FIELD OF THE INVENTION
- BACKGROUND OF THE INVENTION
This invention relates to electrosurgical methods and apparatus for removing tissue from a target site of a patient.
Microdebriders have been widely utilized in the field of otolaryngology. A microdebrider is generally a powered rotary shaving device with continuous suction often used during endoscopic sinus surgery. Typical microdebriders include a cannula or tube, connected to a hand piece, which in turn is connected to a motor with a foot control and a suction device. Microdebriders have been used in performing surgical procedures, such as partial tonsillectomies, by partially shaving the tonsils. This procedure entails eliminating the obstructive portion of the tonsil while preserving the tensile capsule. A partial tonsillectomy results in less post-operative pain, a more rapid recovery, and perhaps fewer delayed complications than a full tonsillectomy.

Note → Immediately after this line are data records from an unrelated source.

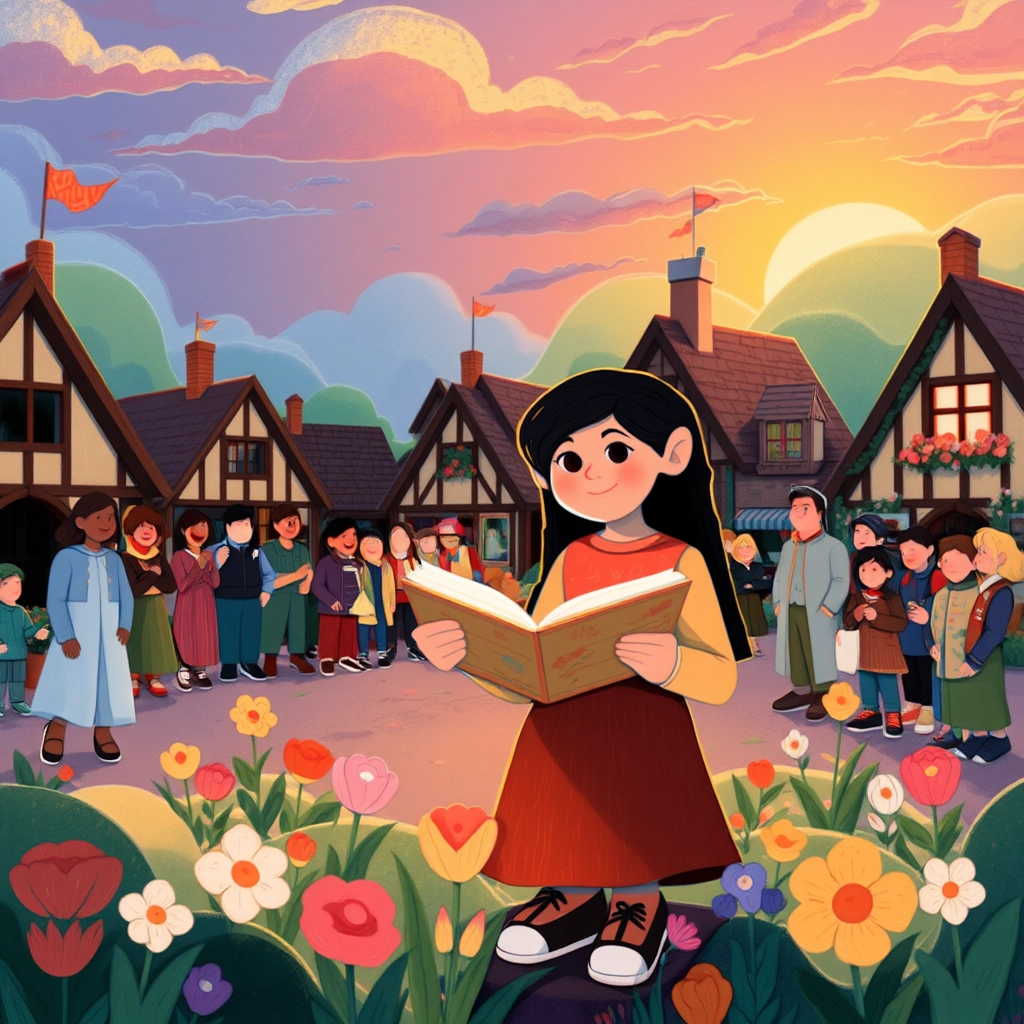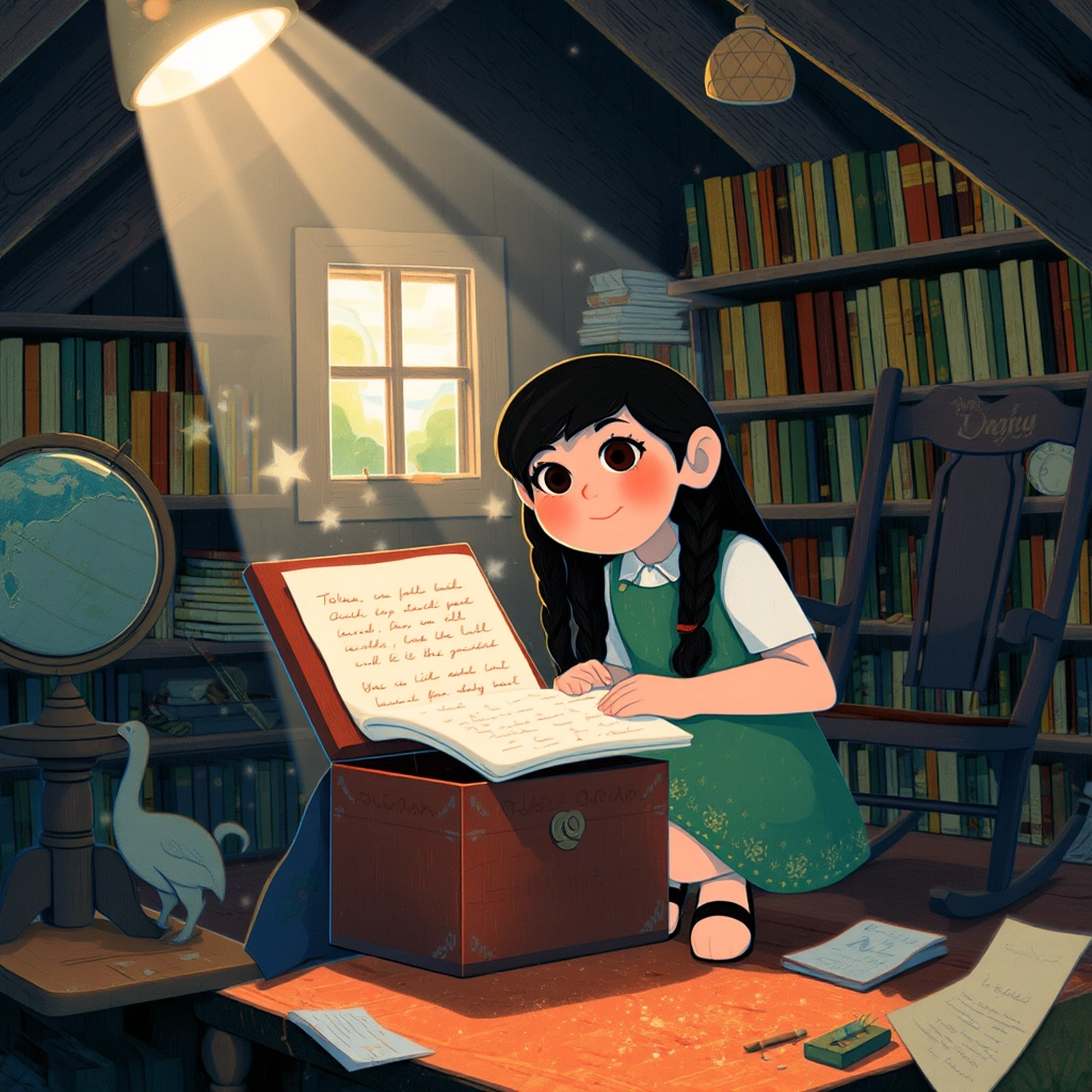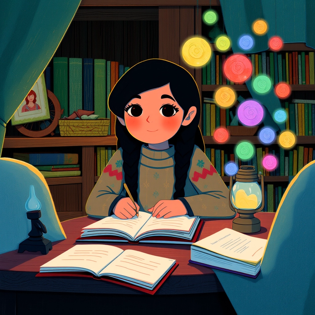 [Mina](XHGPYPHD) carried this lesson in her heart. She balanced her chores with reading her grandmother’s books and writing in her little journal. Soon, her curious mind buzzed with ideas.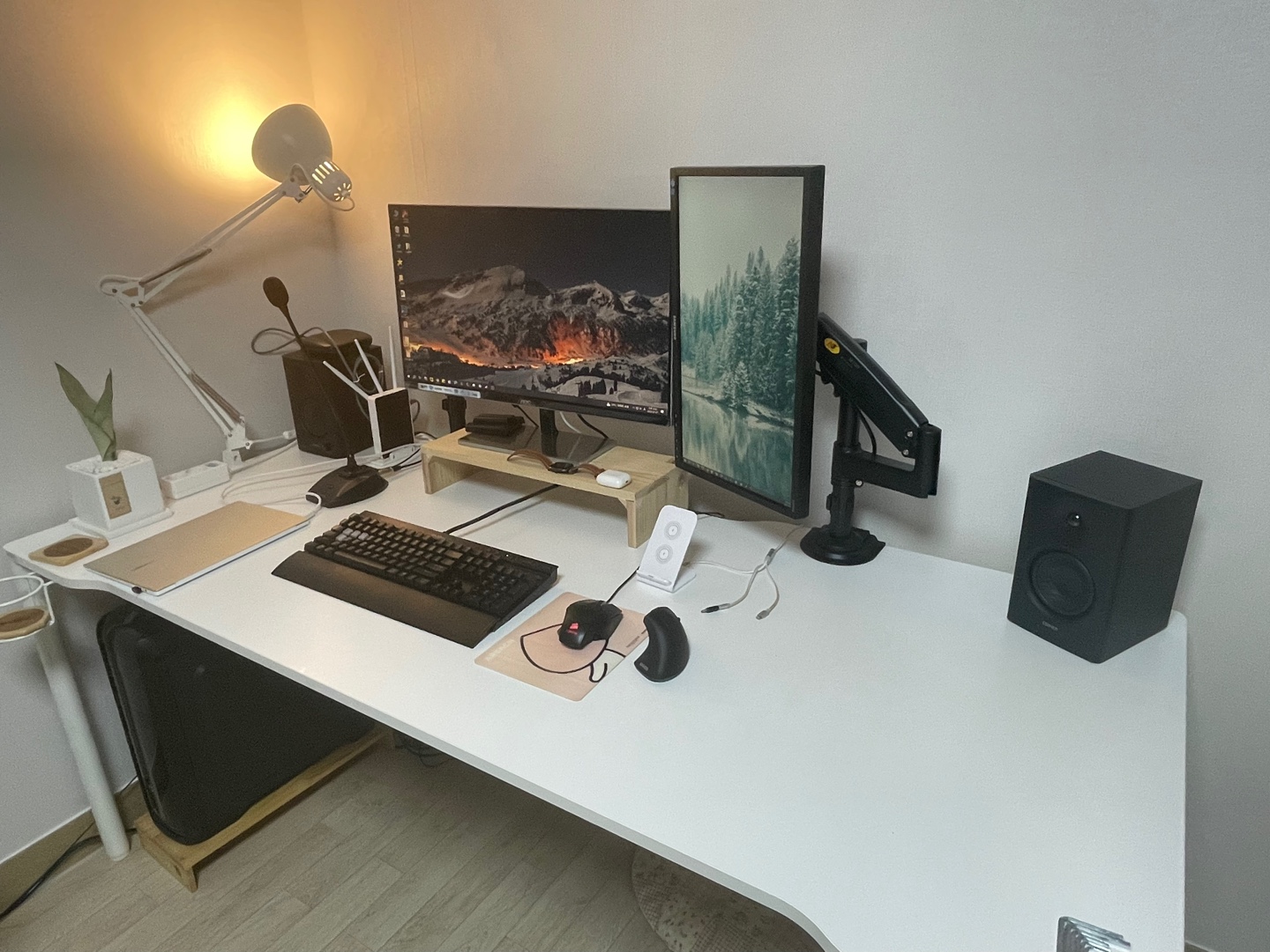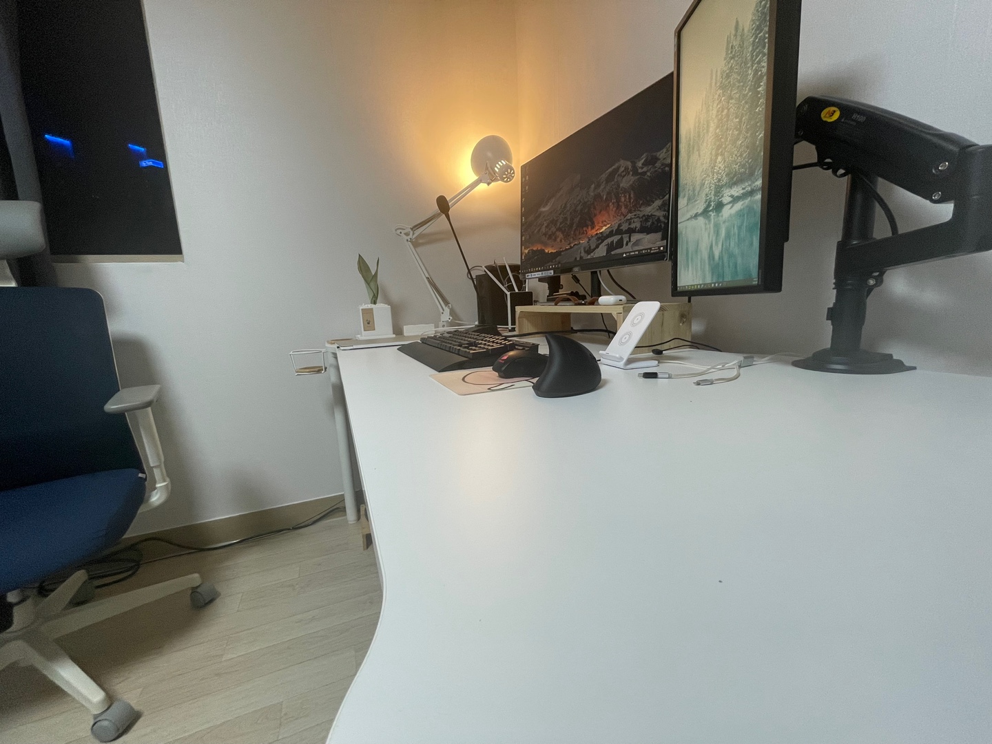 재택근무도 있고, 평소 자는 시간을 제외하면 거의 책상에서 보내는 지라, 책상은 제게 정말 중요합니다. 다가구 페르마타 네오는 저의 업무 수행과 발전을 이루는데 훌륭한 책상이 될 것 같네요. 대만족 중입니다. 기존에 오피스텔에서 사용하던 책상에 비하면 정말 5단계는 업그레이드된 기분입니다. 아직은 데스크 셋업이 충분히 되지 않았지만, 깔끔한 데스크 셋업을 만들어 나갈 계획입니다.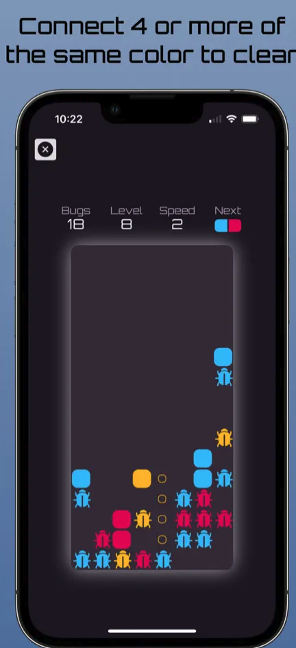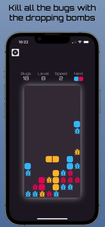 Cílem hry Bug Bomber je spojit čtyři nebo více stejných barev a zabít všechny brouky. Hra obsahuje 21 úrovní obtížnosti a tři různé rychlosti. Můžete si zkontrolovat svůj postup a pokusit se překonat své nejvyšší skóre.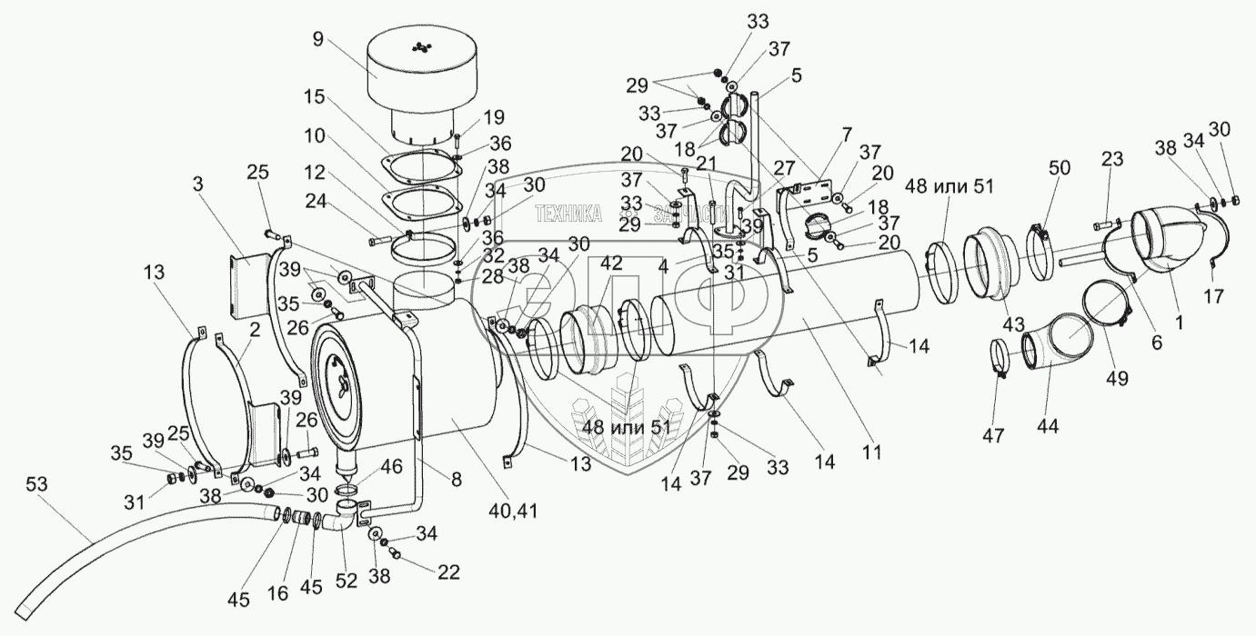 Каталог запасных частей к технике: Гомсельмаш КВК-8060. Установка воздухоочистителя КВК 0153000

One example of the microdebrider is the XPS 3000 System manufactured by Medtronics/Xomed (Medtronics USA, Inc., Jacksonville Fla.) (see references 1-5).
Microdebriders are useful in performing tonsillectomy, in part because the surgeon can see the tonsils while performing the tonsillectomy. Unfortunately, a surgeon can not readily remove tissue from further down in the airway (e.g., the distill airway) because the tissue desired for removal can not be seen simply by looking into the mouth. Accordingly, surgeons use an optical device (e.g., a telescope) with a diode or light source to enable the surgeon to see farther down the airway. However, the use of the microdebrider is limited to areas visible to a surgeon performing the operation, such as for example tonsillectomy and adenoidectomy. Moreover, it is cumbersome to hold the optical device and microdebrider while performing surgery.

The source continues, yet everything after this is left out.